Material to process:
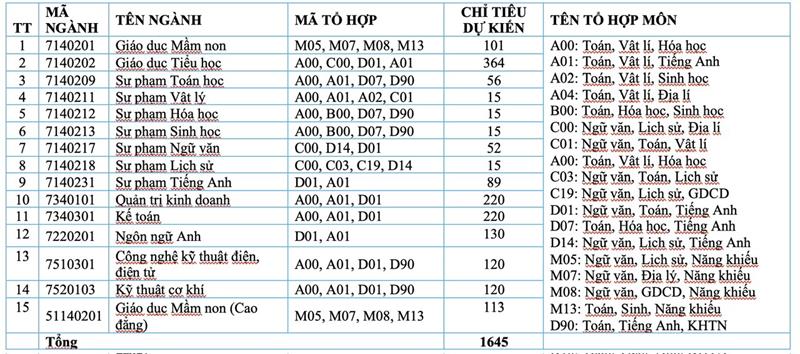 Trong số 15 ngành xét tuyển, ngành giáo dục tiểu học có chỉ tiêu nhiều nhất với 364 chỉ tiêu; ngành sư phạm tiếng Anh và quản trị kinh doanh cùng có 220 chỉ tiêu; ngành ngôn ngữ Anh có 130 chỉ tiêu; các ngành: sư phạm Vật lý, sư phạm Hóa học, Sư phạm Sinh học, sư phạm Lịch sử cùng có 15 chỉ tiêu. Chỉ tiêu tuyển sinh các ngành còn lại như sau: sư phạm Ngữ văn (52), sư phạm Toán (56), sư phạm tiếng Anh (89), giáo dục mầm non (hệ đại học 101 chỉ tiêu, hệ cao đẳng 113 chỉ tiêu), công nghệ kỹ thuật điện - điện tử (120), kỹ thuật cơ khí (120).
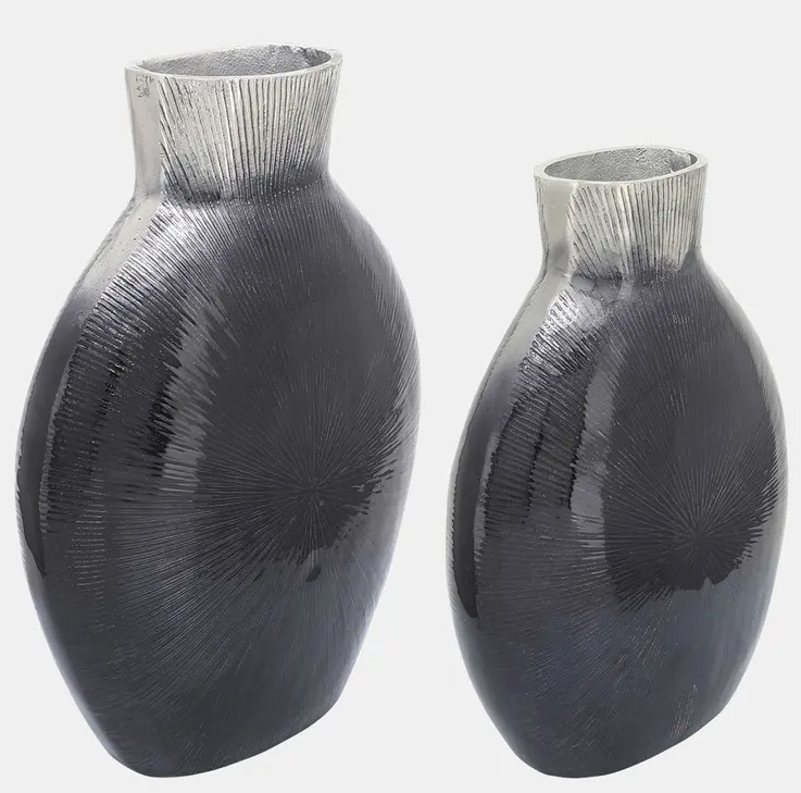 16″ Ribbed Metal Vase Blk
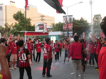 | 2013年5月1日に行われた、ACLの試合を観戦しました。この試合目的で訪れた浦和のサポーターの方の中には、LCCのエアアジアがこのスタジアムから2キロくらいのドンムアン空港を使用するということで、こちらを利用していた方も多かったですね。バンコク市内からのアクセスになる場合は、距離としては30キロくらいになりますので、スムーズに動けば30分程度で着きますが、バンコク市内でも渋滞ポイントが多くありますので、そこではまると結構時間がかかることもあります。また、バンコクでは普通ということなのですが、車で移動の場合は、タイの王族の車が走る場合に警察が規制をしいてしばらく一般車は走れなくなるということもあります。まさに、今回その規制に動けない時間がありましたが、幸い10分ほどで動いたので問題ありませんでした。
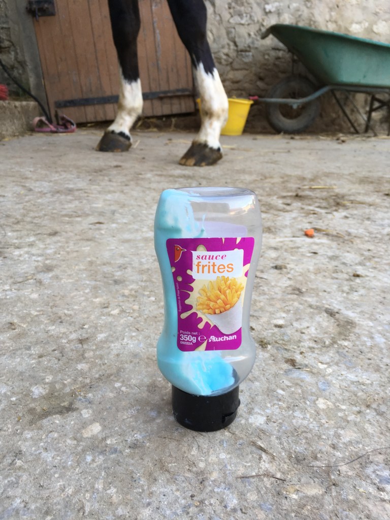 Au cours d’un barbecue l’été dernier, j’ai littéralement eu une illumination devant ces tubes de sauces ! « C’est ça qu’il me faut ! » m’écriais-je devant toute la famille, me scotchant du regard. [Et me scotchant encore plus quand je dis que c’est pour mon cheval même s’ils ont l’habitude de mes idées bizarres] Merci les copines qui ont donc sauvé feu les tubes de sauce et de moutarde des poubelles familiales [parce que en fait, j’en mange pas de ces sauces !].
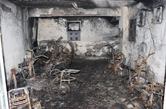 楼道停放的电动自行车一旦起火,毒烟会迅速向上蔓延直接阻断逃生通道,极易造成人员伤亡甚至群死群伤事故。
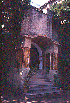 Vista de l'entrada a l'escala que dóna accés a l'habitatge. Les columnes ceràmiques que l'emmarquen són de l'obrador dels Coromina de La Bisbal.
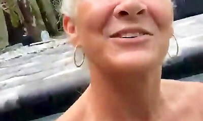 BIG Knocker SEXY POOL TEACHER GIVES MASSAGE FUCKS Gigantic DICK OUTDOORS
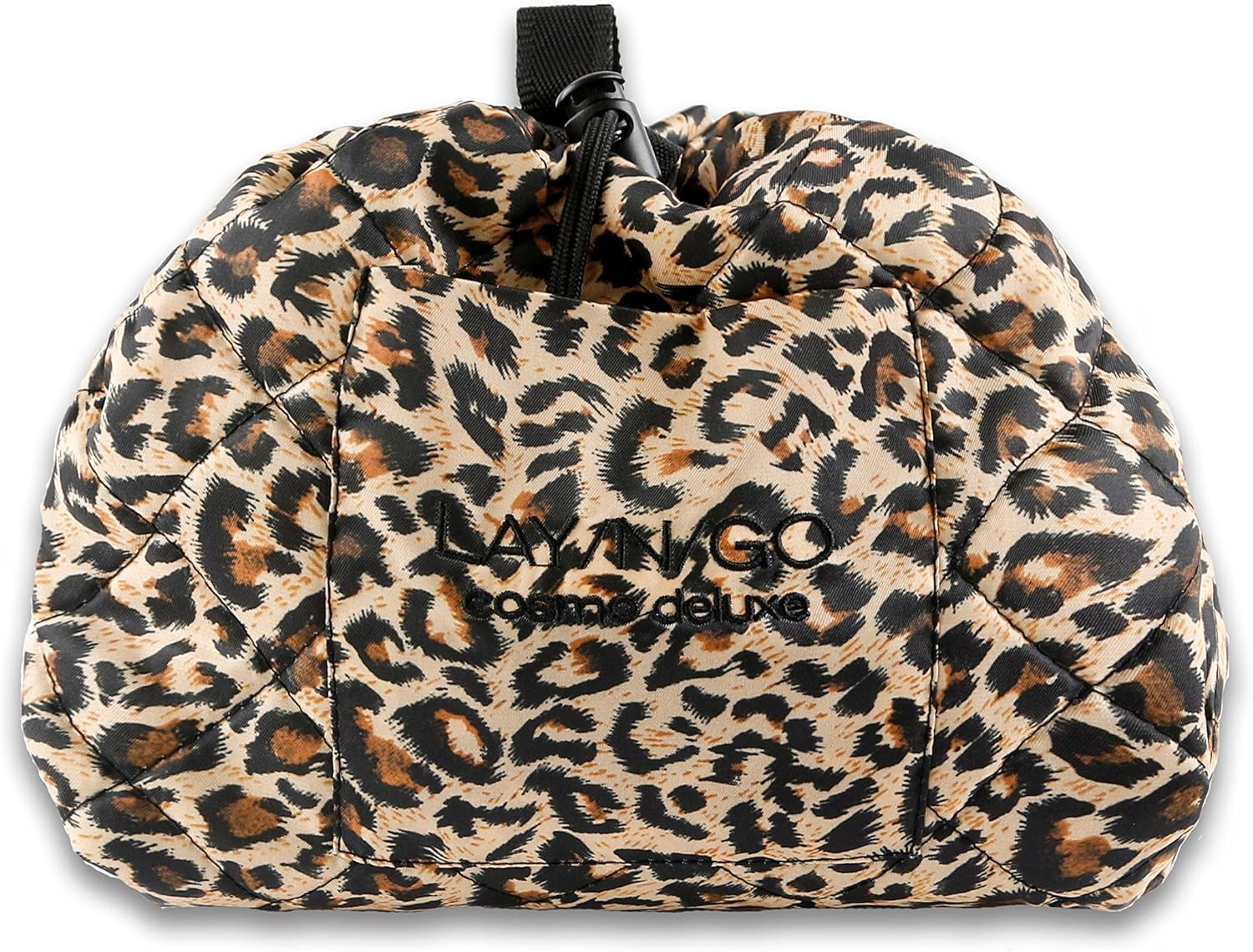 Lay-n-Go Cosmo Layflat Drawstring Cosmetic & Makeup Bag Organizer w/Zipper Pocket, Brush Loops & More, Cinch to Close, Lay Flat to Use, Durable, Machine Wash, Travel Toiletry Bag (22", Leopard)
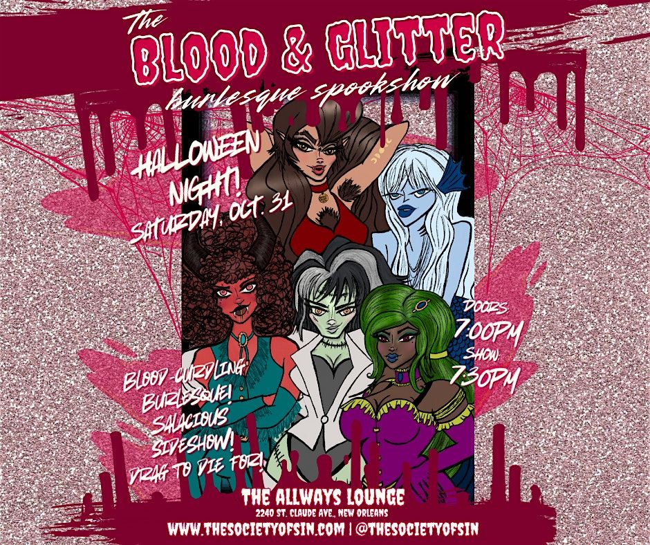 Kick off your Halloween night with NOLA's most glamorous showghouls at "The Blood & Glitter Burlesque Spookshow," bigger, badder, and bloodier than ever before! Join The Society of Sin Burlesque & Variety for an evening of scintillatingly spooky performances inspired by tales of classic horror for ONE NIGHT ONLY!
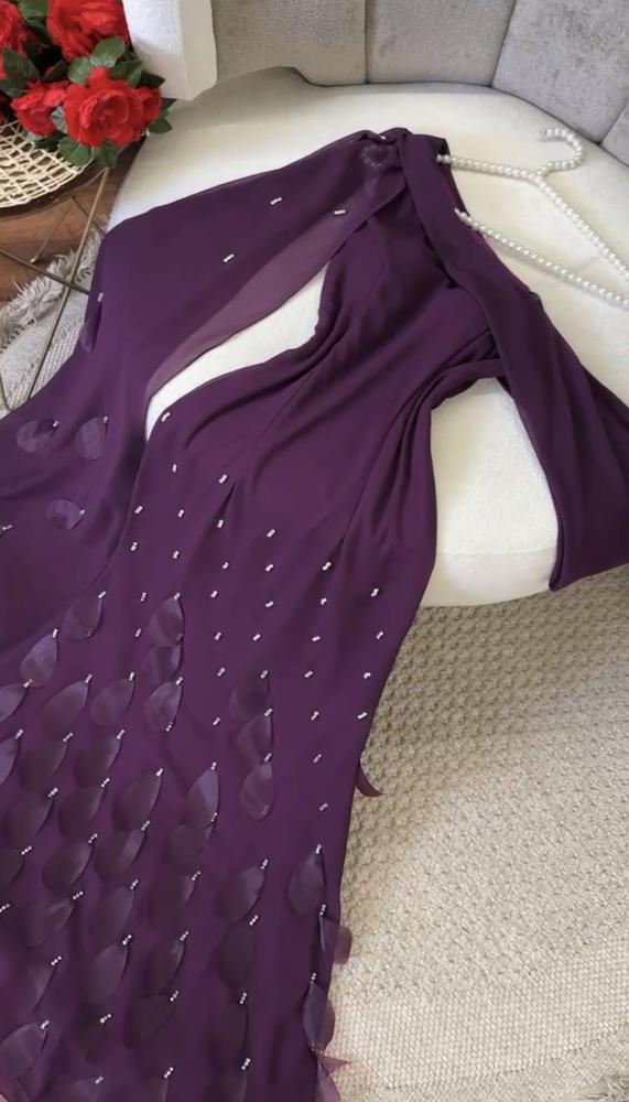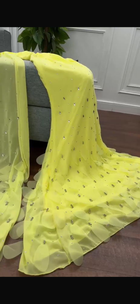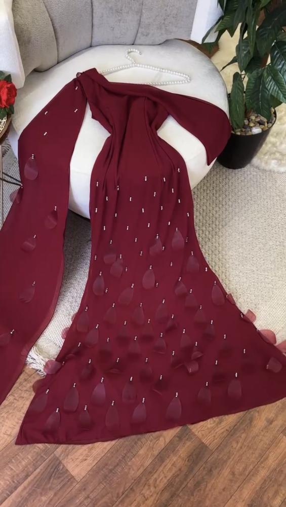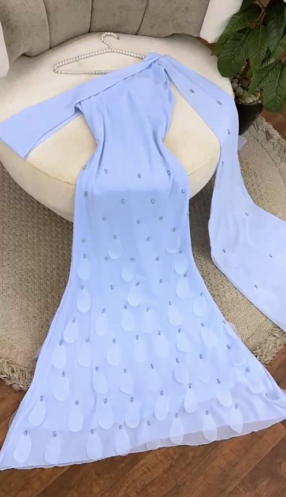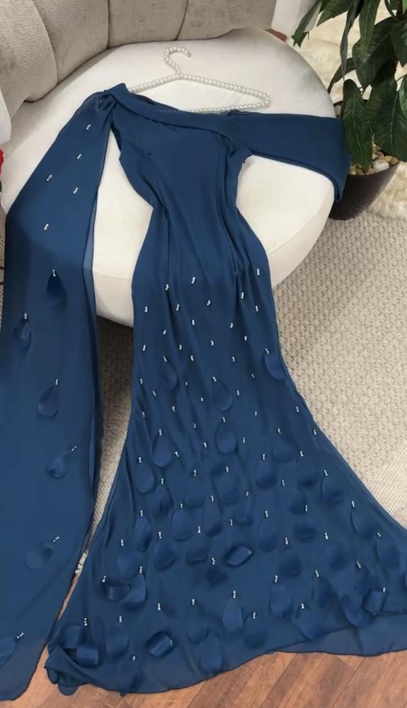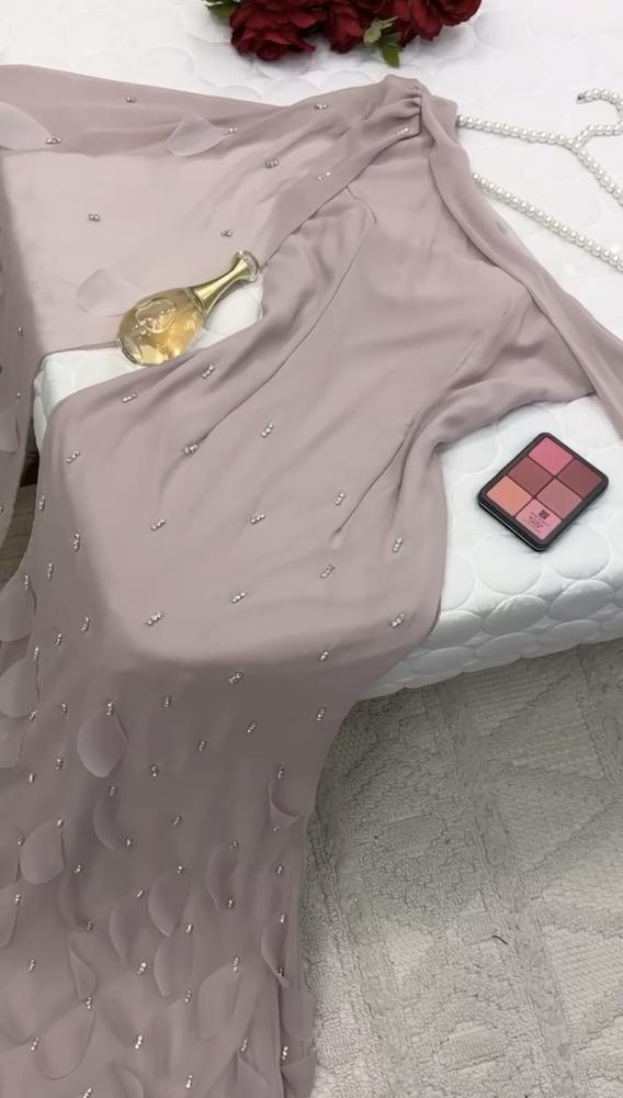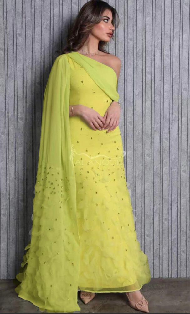 التصميم : فستان شيفون ناعم مطرز و شال مطرز يدويا يغطي نصف الكتف بالوان مختلفه و مميزه
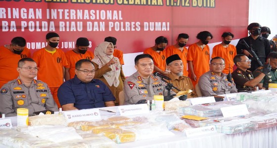 “Dari jumlah barang bukti yang berhasil diamankan, ini menunjukkan bahwa kita terus berperang dengan pengedar narkoba dan ini juga menunjukkan bahwa Polda Riau dan Jajarannya terus melakukan kinerja yang sangat luar biasa dan terus berperang secara masiv kepada mengedar narkoba. Kita proses tegas dan terukur serta tidak ada toleransi bagi pelaku narkoba, kita harus perangi bersama, para pengedar gelap narkoba gelap ini,” tegas Kapolda Riau.

Problem description:
Exact copy, pictures excluded: every line above from the one containing "楼道停放的电动自行车一旦起火" to the one containing "BIG Knocker SEXY", inclusive, and nothing more.

Exercise solution:
 楼道停放的电动自行车一旦起火,毒烟会迅速向上蔓延直接阻断逃生通道,极易造成人员伤亡甚至群死群伤事故。
 Vista de l'entrada a l'escala que dóna accés a l'habitatge. Les columnes ceràmiques que l'emmarquen són de l'obrador dels Coromina de La Bisbal.
 BIG Knocker SEXY POOL TEACHER GIVES MASSAGE FUCKS Gigantic DICK OUTDOORS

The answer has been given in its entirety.